2, we studied the correlation between RT 3DE and magnetic resonance imaging (MRI) in the measurement of right ventricular structure and the measurement of right ventricular function in TOF patients, so as to guide clinical operation.
3, we studied the clinical significance of myocardial function index in the evaluation of right heart function in patients with tetralogy of Fallot. We explored the effect of different operative methods (i.e. cross ring patch repair and outflow tract patch repair) on right ventricular function index during the operation of tetralogy of Fallot.

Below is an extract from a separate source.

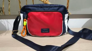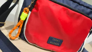 Bolso de la marca Tommy Hilfiger con un diseño moderno y llamativo. - Combinación de colores azul y rojo. - Detalle de cuerda naranja con accesorio fluorescente. - Etiqueta de la marca en contraste.
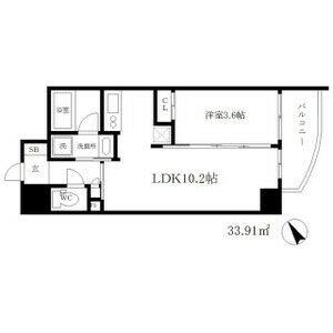 | 間取り / 広さ | 1LDK / 33.91㎡ | 所在階数 | 6階 | 向き | 東 |

Methods: from January 2011 October -2013 year survival after radical surgery of tetralogy of Fallot, other heart malformation with surgery need to synchronize repair in treatment of patients with heart disease were excluded in 30 cases. All 30 cases of TOF patients in open heart radical surgery of tetralogy of Fallot underwent one stage, the record of operation time, open heart surgery under cardiopulmonary bypass time, tracheal intubation and noninvasive positive pressure ventilation time, ICU stay time and postoperative nutrition myocardial polarization time; all underwent tetralogy of Fallot surgery in patients who underwent 64 slice spiral CT examination and real-time three-dimensional echocardiography. Two methods of using measured right ventricular end diastolic volume and end systolic volume and ejection fraction was calculated; the correlation between two kinds of examination methods. After 3 months and 6 months were measured in patients with right ventricular heart surgery Muscle function index, and the application of real-time three-dimensional echocardiography right ventricular end diastolic volume, end diastolic volume, right ventricular ejection fraction calculation. The preoperative and postoperative stage (after 3 months and 6 months after operation) the measured data were analyzed. The measured data were the application of standard deviation (x + s). SPSS13.0 software was used for statistical analysis.